Top of The input

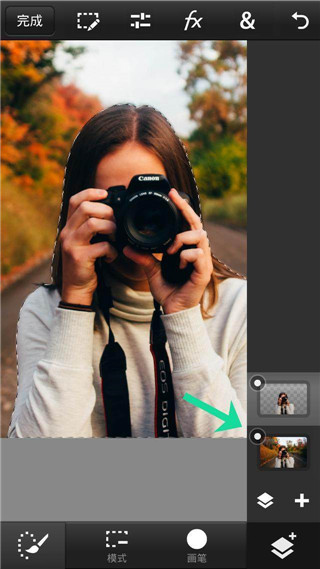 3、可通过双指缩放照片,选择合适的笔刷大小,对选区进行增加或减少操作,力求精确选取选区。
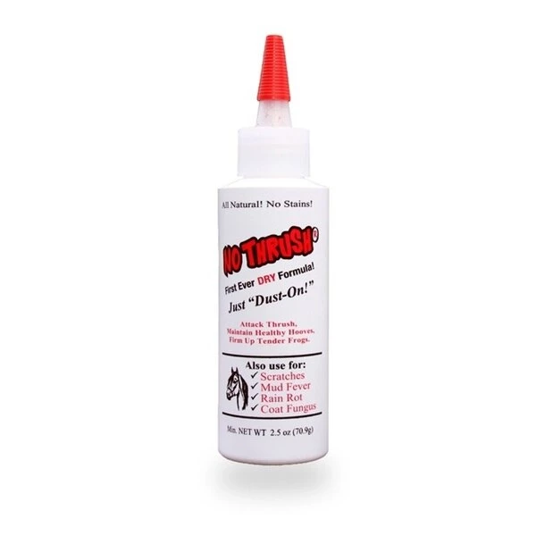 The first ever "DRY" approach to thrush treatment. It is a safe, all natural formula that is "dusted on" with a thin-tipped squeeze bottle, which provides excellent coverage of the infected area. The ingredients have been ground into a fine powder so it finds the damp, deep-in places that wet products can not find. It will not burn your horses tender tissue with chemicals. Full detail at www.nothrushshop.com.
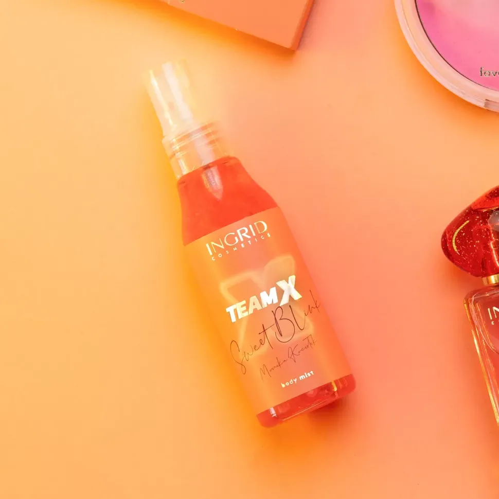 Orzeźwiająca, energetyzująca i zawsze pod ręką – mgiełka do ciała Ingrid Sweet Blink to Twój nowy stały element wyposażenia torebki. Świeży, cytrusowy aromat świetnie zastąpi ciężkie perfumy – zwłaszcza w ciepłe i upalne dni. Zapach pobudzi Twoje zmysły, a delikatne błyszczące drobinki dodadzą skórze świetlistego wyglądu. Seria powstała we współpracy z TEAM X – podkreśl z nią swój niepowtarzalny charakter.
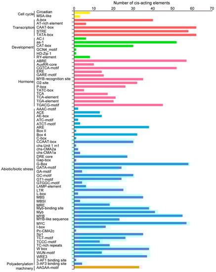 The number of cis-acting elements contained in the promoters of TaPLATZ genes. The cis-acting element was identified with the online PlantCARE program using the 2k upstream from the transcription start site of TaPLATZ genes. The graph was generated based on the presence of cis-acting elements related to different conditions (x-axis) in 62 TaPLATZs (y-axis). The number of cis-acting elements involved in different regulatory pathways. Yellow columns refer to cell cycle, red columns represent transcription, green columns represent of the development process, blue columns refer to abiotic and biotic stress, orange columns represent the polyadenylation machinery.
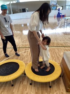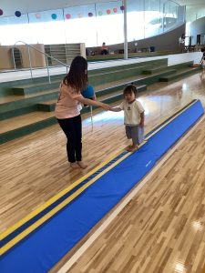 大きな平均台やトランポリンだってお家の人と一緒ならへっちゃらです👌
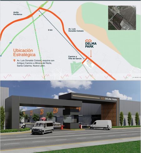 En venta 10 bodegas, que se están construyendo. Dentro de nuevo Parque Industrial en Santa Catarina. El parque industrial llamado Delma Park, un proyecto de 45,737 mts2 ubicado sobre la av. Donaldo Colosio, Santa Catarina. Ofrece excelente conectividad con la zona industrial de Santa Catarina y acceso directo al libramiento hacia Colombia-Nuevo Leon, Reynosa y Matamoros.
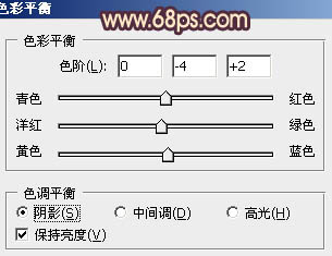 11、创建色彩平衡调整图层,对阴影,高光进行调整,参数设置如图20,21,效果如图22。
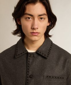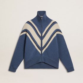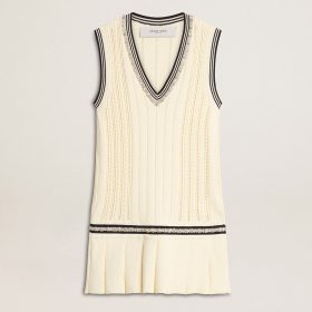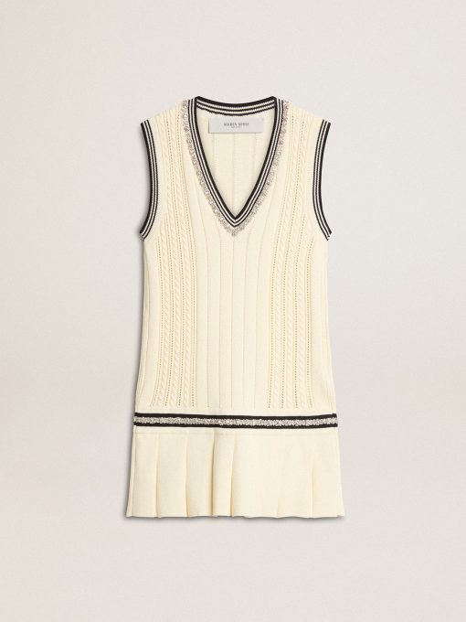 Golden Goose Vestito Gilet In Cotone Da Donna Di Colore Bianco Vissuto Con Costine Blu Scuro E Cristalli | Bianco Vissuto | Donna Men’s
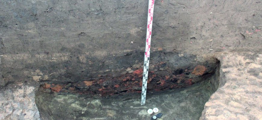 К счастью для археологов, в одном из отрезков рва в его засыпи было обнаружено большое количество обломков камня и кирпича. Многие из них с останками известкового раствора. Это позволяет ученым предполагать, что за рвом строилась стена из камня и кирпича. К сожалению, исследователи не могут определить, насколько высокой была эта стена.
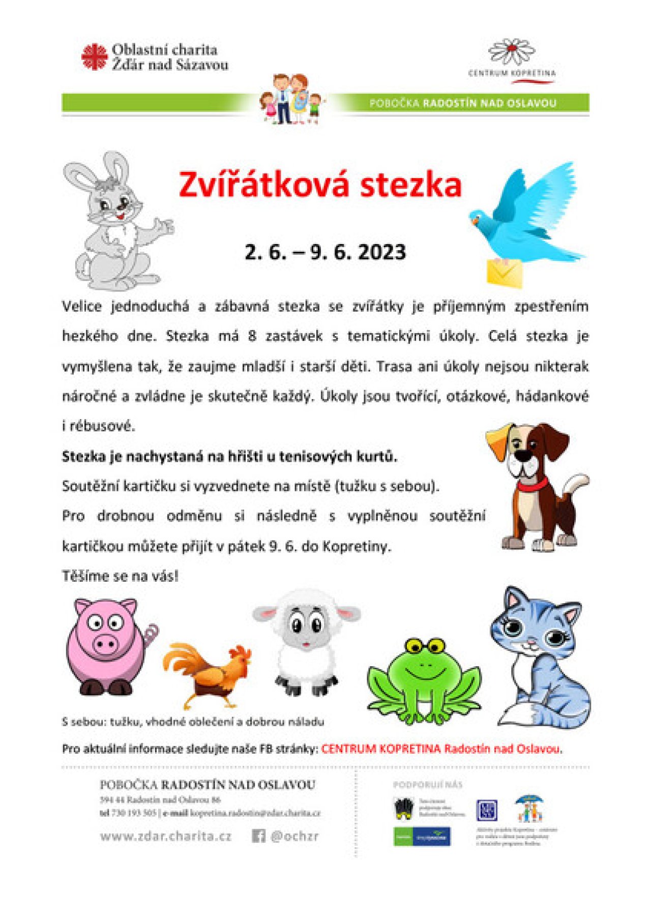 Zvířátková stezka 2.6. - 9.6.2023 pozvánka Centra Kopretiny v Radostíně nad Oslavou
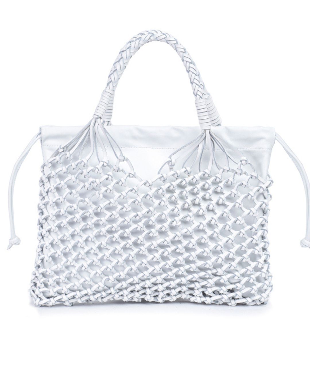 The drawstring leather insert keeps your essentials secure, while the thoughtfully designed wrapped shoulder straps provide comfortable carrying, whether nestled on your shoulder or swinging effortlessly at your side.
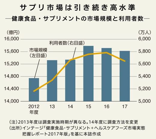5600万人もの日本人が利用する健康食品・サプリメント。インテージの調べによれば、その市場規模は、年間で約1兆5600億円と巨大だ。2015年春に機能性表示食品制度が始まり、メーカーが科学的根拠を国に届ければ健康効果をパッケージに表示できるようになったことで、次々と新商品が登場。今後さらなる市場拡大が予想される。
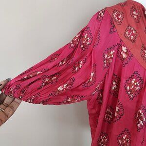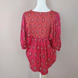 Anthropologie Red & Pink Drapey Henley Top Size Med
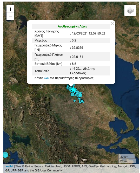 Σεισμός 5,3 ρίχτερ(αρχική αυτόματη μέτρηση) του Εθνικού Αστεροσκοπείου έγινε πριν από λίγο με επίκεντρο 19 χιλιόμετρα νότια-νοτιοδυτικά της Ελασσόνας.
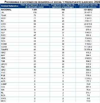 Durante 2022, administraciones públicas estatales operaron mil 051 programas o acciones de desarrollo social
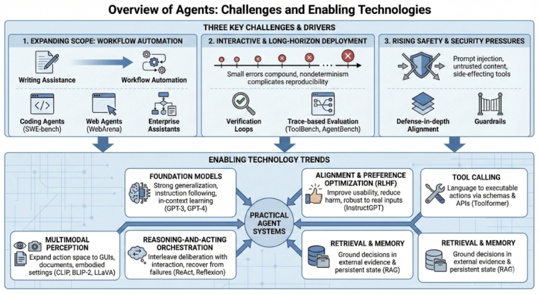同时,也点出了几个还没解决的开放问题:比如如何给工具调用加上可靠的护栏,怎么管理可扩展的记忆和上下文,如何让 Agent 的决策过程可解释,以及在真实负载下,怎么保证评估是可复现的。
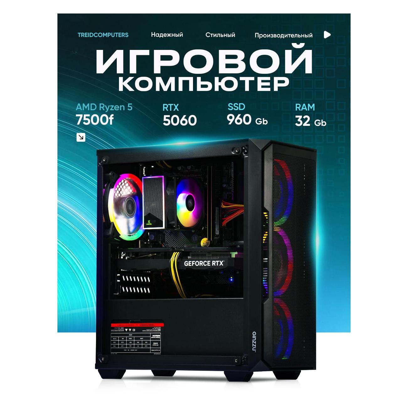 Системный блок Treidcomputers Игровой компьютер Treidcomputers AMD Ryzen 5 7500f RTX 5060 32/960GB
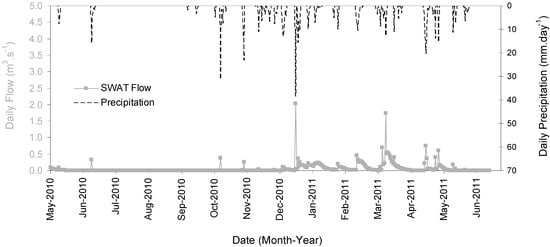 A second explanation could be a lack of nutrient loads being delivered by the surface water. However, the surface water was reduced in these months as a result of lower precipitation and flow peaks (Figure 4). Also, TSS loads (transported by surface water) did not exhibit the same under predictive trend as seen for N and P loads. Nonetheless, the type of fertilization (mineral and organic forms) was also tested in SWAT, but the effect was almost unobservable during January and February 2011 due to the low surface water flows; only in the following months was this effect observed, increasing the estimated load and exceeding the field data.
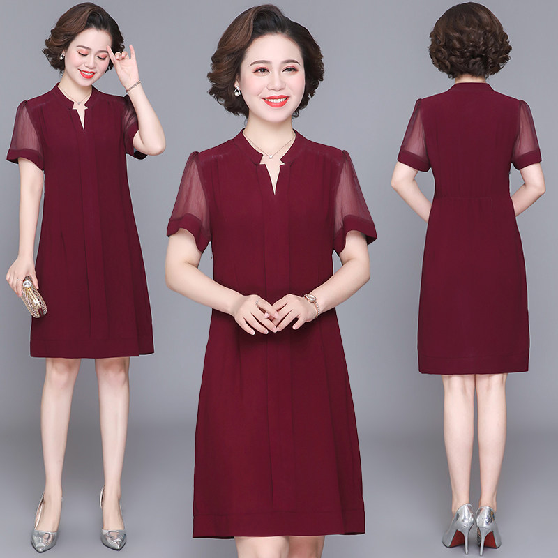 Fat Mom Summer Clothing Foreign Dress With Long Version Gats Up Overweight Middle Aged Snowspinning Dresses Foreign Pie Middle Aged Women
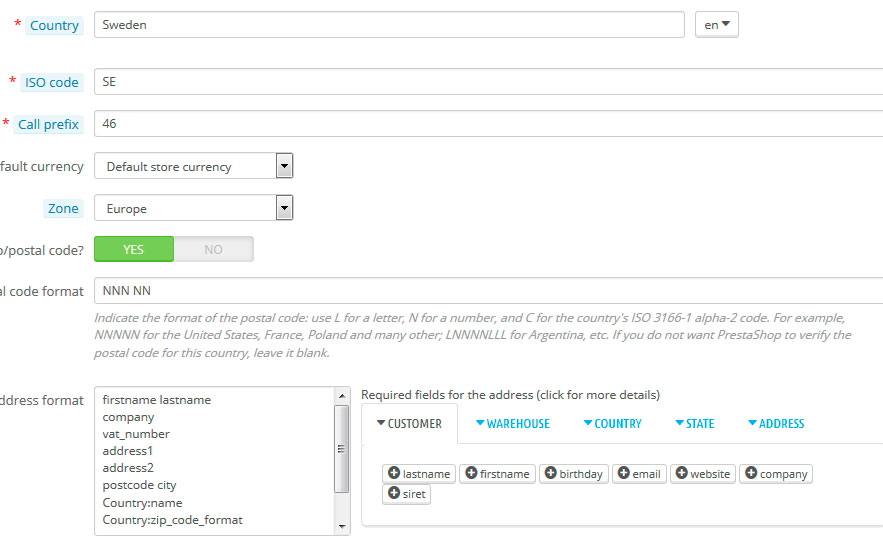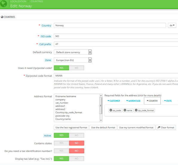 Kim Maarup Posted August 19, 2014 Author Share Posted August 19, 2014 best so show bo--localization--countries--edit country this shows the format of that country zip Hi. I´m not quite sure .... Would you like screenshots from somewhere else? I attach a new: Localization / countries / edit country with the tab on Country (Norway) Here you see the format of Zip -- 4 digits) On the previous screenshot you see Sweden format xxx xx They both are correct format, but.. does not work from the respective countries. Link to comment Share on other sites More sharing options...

Bottom of The input

Set the pictures aside and transcribe exactly the stretch of lines above, beginning with the one holding "The drawstring leather" and ending with the one holding "5600万人もの日本人が利用".

- _Expected output_
 The drawstring leather insert keeps your essentials secure, while the thoughtfully designed wrapped shoulder straps provide comfortable carrying, whether nestled on your shoulder or swinging effortlessly at your side.
5600万人もの日本人が利用する健康食品・サプリメント。インテージの調べによれば、その市場規模は、年間で約1兆5600億円と巨大だ。2015年春に機能性表示食品制度が始まり、メーカーが科学的根拠を国に届ければ健康効果をパッケージに表示できるようになったことで、次々と新商品が登場。今後さらなる市場拡大が予想される。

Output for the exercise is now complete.